From Byzantine times through to the late medieval period, Christ as portrayed in art appeared as a contemporary figure. The robes, the hair, the beard were pretty much what normal men of those centuries wore. The Christ people saw when they looked at the pictures was a real person present in their world here and now - for the first 1400 of the last 2000 years, there was no perceived distance to travel between him and us. If people of those centuries behave as though Christ were a real and immediate presence in their world, that's partly because they had seen nothing that would open up a distance.

But in the fifteenth century the way people in general, but men in particular dressed began to shift. We've all seen a jester's outfit, parti-coloured doublet and tights with a funny hat - but in the fifteenth century this was the height of fashion, a revolutionary and one might say indecent break with the past. From this point on men had cod-pieces - something which never found its way into the representation of Christ! This is also the first clean-shaven period since early Byzantine times about 1000 years earlier.

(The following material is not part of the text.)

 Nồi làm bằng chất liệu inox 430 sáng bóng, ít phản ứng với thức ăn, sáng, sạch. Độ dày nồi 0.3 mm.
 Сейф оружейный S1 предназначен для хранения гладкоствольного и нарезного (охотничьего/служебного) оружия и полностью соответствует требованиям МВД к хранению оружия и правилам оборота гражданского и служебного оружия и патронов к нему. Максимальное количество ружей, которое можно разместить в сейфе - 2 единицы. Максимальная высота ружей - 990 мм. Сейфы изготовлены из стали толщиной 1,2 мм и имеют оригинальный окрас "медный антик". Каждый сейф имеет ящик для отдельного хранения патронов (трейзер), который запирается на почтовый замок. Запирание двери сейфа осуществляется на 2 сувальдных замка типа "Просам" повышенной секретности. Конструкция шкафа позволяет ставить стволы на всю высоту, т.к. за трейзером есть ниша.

So at this point a gap opened up between the way Christ was normally portrayed, and the way men actually looked in the contemporary world. But the issue doesn't seem to have been addressed, and I think the reason is because this is the period of the Renaissance. And the Renaissance rediscovered the culture of the ancient world and aspired to it as superior. We enter a period in which it was normal to portray rulers and aristocrats as Roman emperors, when high culture liked to dress up in the clothes of ancient Rome. And so no-one was interested in portraying Jesus in contemporary fashions - indeed, both his divinity and his perfect humanity were expressed by giving him the muscular, hairless body of a Greek god or hero. Not to mention the scanty draperies, which would have got funny looks in Elizabethan London.

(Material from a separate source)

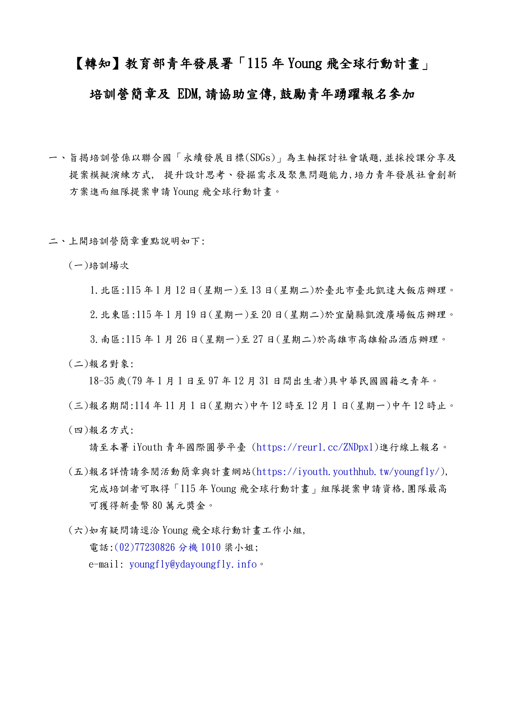 【轉知】教育部青年發展署「115年Young飛全球行動計畫」

And when the cultural authority of ancient art began to fade in the 19th century, it was replaced by another nostalgic longing, for an idealised medieval world. We get Holman Hunt's 'Light of the World', and the Pre-Raphaelite Jesus of Sunday school fame. And nothing came along to replace that, because when art turned away from the past to embrace the modern world, it didn't want to take Christianity with it. Those artists that did portray Christ tended to use him as a way of engaging with tradition and the past. The image of Jesus was left frozen, timewarped, after 500 years of being constantly turned back away from the contemporary world into an idealised past.

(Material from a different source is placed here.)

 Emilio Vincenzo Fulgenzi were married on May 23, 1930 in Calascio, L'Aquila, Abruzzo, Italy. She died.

Now, in the year 2000, we find ourselves looking at a Christ who seems alien to us, from another time and place. This makes it easy to believe that he should be left there, with all the other cultural baggage we claim to have outgrown. Our problem is thrown into sharp relief by the way other twentieth-century cultures have reimagined Christ in their own image, to claim his identification with them right here and now. We in the West have hesitated between reimaging Christ as one of us, and clinging on to the historical tradition of representation we have inherited. This leads to those strange cheesy baby-boomer Jesuses, or to Jesus portrayed as Che Guevara. We leap at the chance the return of beards and long hair, and even sandals, have given us to have it both ways - we can say "Look - Jesus is just like us" and have the tradition, too.

It's actually dodging the issue. Can we really portray Jesus as 'one of us' again, when that means abandoning the tradition - or are we stuck with the first century Jew or medieval holy man? Is Jesus going to be for us a historical figure we have to keep bringing forward in time, or an eternal figure at home in all times? To go back to where I started, if what we are given in the Bible is the character and nature of Jesus, not his appearance, how do we reimage that character in our own world, in a way that's truthful not nostalgic?